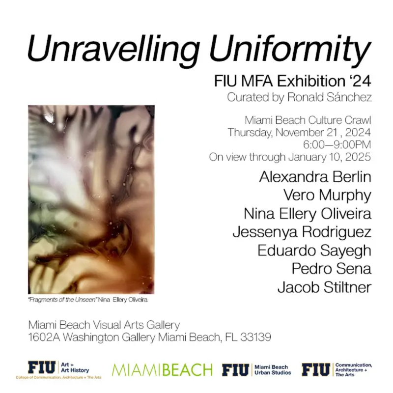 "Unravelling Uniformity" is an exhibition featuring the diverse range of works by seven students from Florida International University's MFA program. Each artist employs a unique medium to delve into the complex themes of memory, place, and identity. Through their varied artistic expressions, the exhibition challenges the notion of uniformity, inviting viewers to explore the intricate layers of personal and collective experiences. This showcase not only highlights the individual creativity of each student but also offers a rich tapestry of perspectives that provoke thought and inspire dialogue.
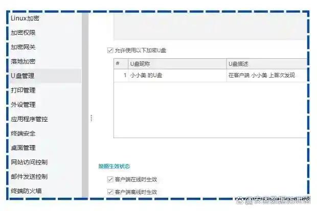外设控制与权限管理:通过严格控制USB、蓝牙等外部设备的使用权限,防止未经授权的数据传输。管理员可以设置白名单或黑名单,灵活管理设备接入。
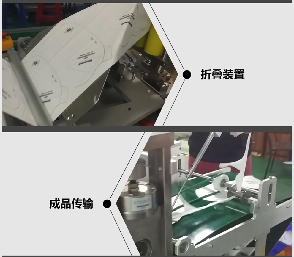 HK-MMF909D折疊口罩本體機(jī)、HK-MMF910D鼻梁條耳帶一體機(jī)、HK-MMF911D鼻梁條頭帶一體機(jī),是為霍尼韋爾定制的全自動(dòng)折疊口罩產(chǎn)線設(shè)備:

____________________

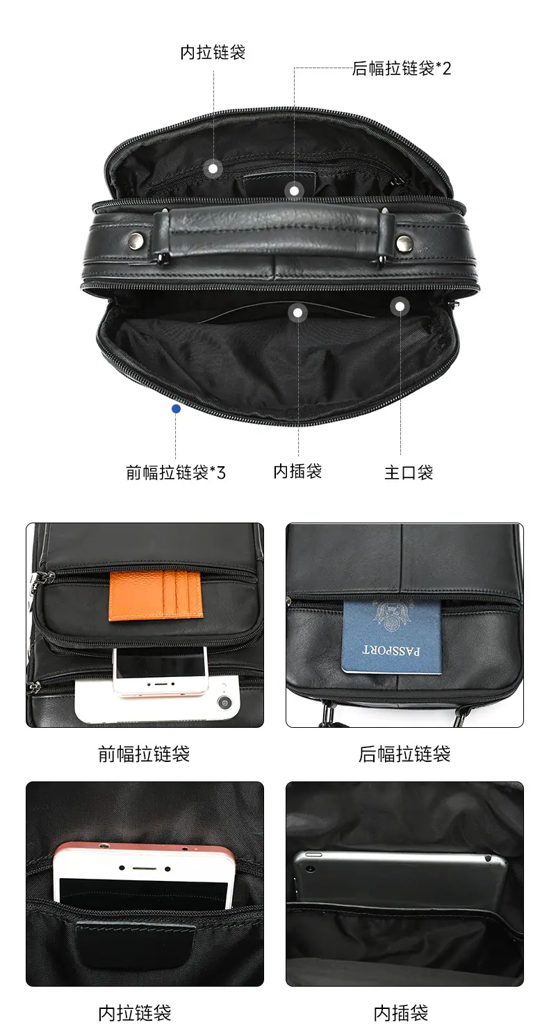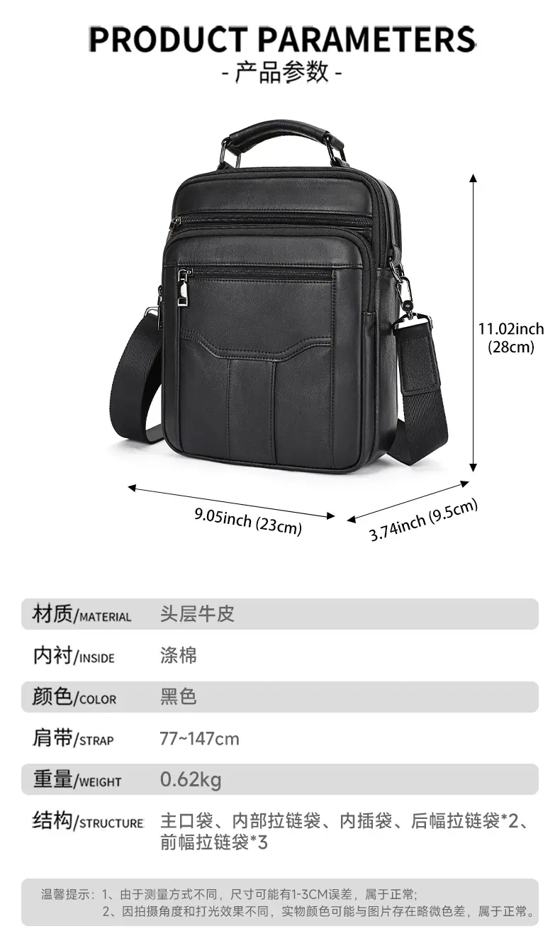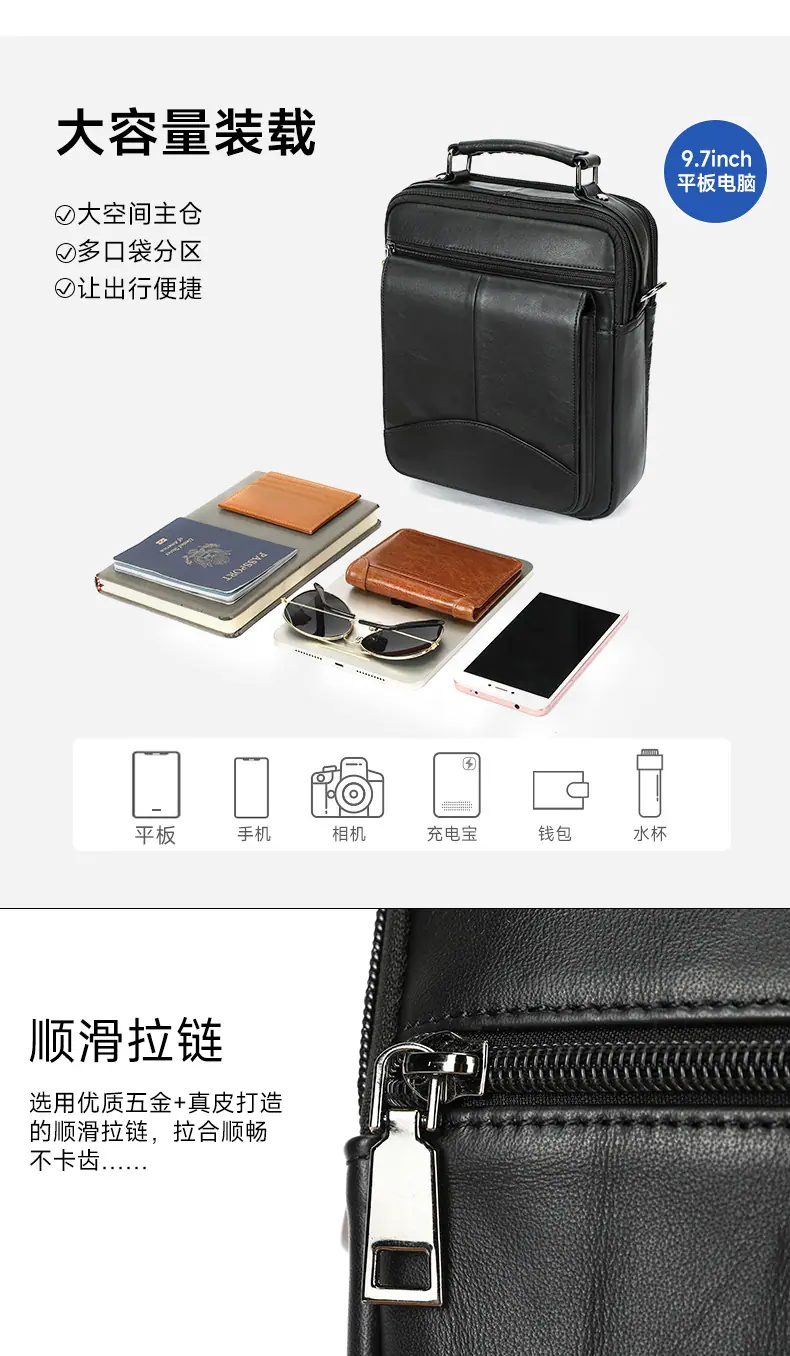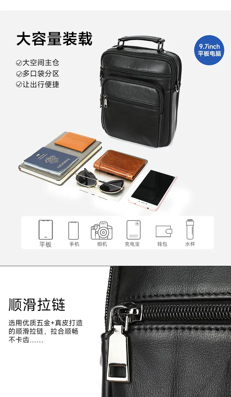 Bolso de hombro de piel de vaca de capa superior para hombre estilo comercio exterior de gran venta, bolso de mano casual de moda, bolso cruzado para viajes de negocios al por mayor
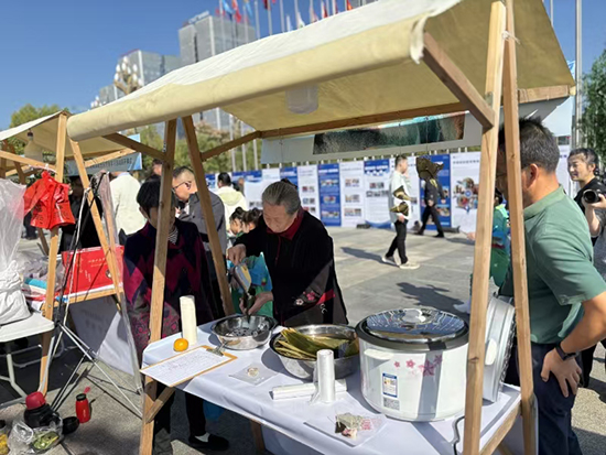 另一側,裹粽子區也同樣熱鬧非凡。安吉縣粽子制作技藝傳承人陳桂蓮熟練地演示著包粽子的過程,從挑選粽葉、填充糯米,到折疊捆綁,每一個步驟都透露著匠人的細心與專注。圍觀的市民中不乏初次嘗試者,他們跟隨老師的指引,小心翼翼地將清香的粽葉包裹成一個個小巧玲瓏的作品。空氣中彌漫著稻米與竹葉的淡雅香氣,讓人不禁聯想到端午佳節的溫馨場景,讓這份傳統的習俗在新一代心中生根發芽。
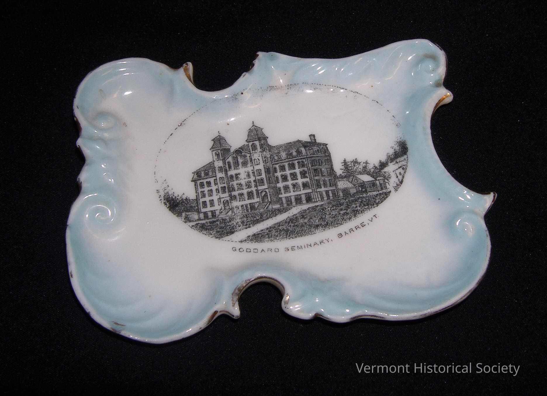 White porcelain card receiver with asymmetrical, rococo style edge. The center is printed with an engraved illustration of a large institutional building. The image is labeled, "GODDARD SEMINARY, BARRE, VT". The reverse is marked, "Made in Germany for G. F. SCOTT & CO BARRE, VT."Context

____________________

> **PROBLEM TO SOLVE**:
Reproduce the data above exactly, but only from the line containing "and inspire dialogue." through the line containing "HK-MMF909D折疊口罩"; skip the pictures.

> **EXERCISE RESPONSE**:
 "Unravelling Uniformity" is an exhibition featuring the diverse range of works by seven students from Florida International University's MFA program. Each artist employs a unique medium to delve into the complex themes of memory, place, and identity. Through their varied artistic expressions, the exhibition challenges the notion of uniformity, inviting viewers to explore the intricate layers of personal and collective experiences. This showcase not only highlights the individual creativity of each student but also offers a rich tapestry of perspectives that provoke thought and inspire dialogue.
外设控制与权限管理:通过严格控制USB、蓝牙等外部设备的使用权限,防止未经授权的数据传输。管理员可以设置白名单或黑名单,灵活管理设备接入。
 HK-MMF909D折疊口罩本體機(jī)、HK-MMF910D鼻梁條耳帶一體機(jī)、HK-MMF911D鼻梁條頭帶一體機(jī),是為霍尼韋爾定制的全自動(dòng)折疊口罩產(chǎn)線設(shè)備:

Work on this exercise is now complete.